Blue Is The Warmest Color 

Edited neither for content nor length, the three-hour French romance Blue Is The Warmest Color arrives stateside fully intact, in all its sexually explicit glory. That's a smart, gutsy move on the part of U.S. distributor Sundance Selects: Though the dependably prudish MPAA has slapped the film with an NC-17, much of the buzz surrounding it centers on those insanely erotic lesbian love scenes—impressive not just for their frankness and duration, but also the passion of their participants.
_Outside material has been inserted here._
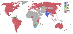 | Disparitions | Aruba, Bermudes, El Salvador, Honduras, Lituanie, Malte, Namibie, Ouganda, Uruguay | |||||||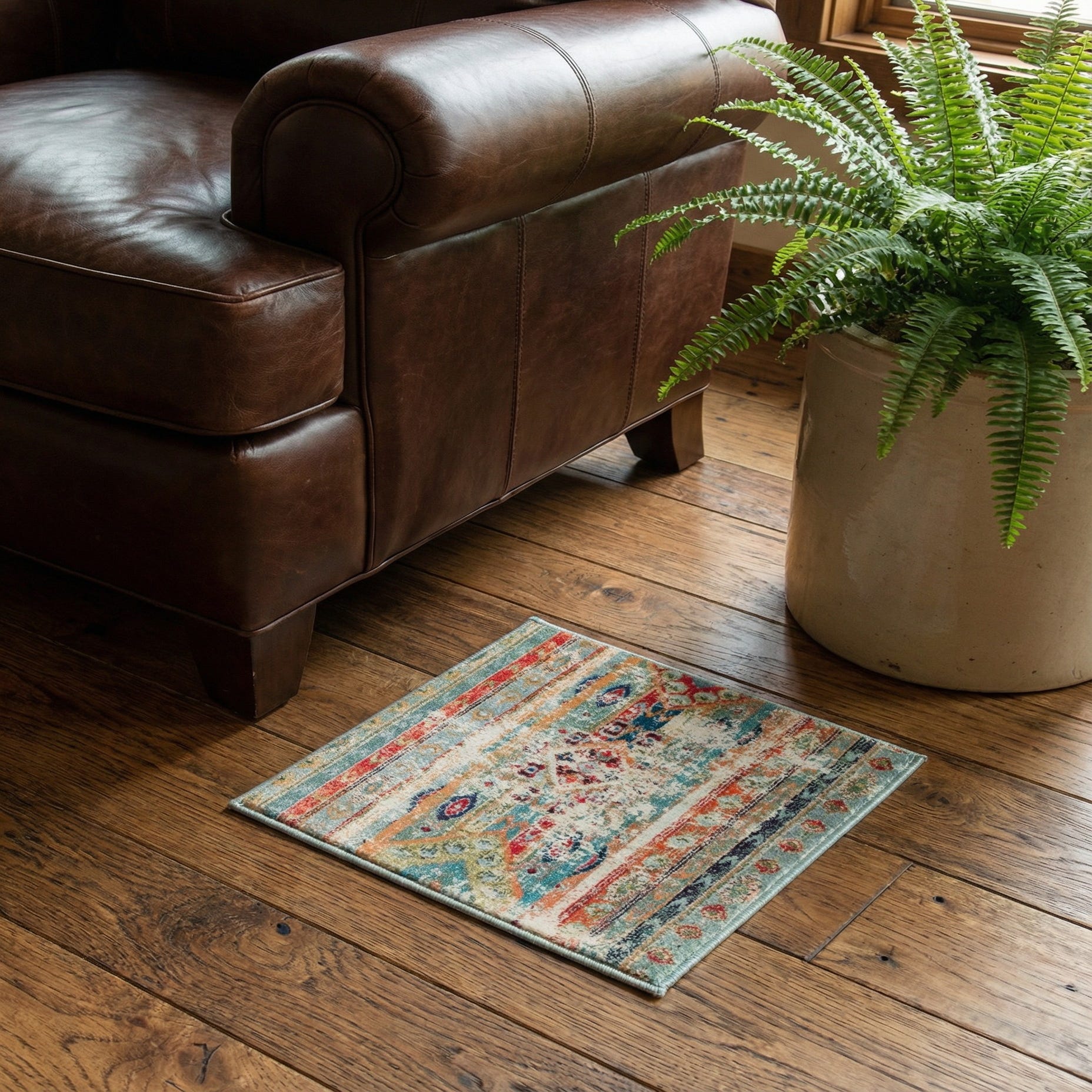 This piece is a Sample and is machine made of 100% polypropylene. The construction yields a low-profile, even pile that feels smooth underfoot with a softly brushed texture that highlights the faded colorwork. Place it as a runner in an entry or hallway, layer it at the foot of a bed, or let it anchor a casual living area—pairs especially well with neutral upholstery, warm wood tones, and eclectic or mid-century furnishings to balance color and pattern.

Expressive newcomer Adèle Exarchopoulos plays a suburban teen who falls, with just a single sidelong glance, under the sway of a blue-haired seductress (Léa Seydoux, who's maybe best known to American audiences as the near-mute French assassin in Mission: Impossible—Ghost Protocol). The two actresses are really the whole show here, a fact acknowledged by Steven Spielberg and the rest of the 2013 Cannes jury when they handed the Palme D'Or not just to Blue's director, Abdellatif Kechiche, but also to its brave young starlets. While the above trailer disguises the languid pace and includes few glimpses of beneath-the-sheets action, it does a fine job of conveying the movie's sheer emotional intensity. Also, there are worse marketing strategies than stringing together a bunch of close-ups of Léa Seydoux.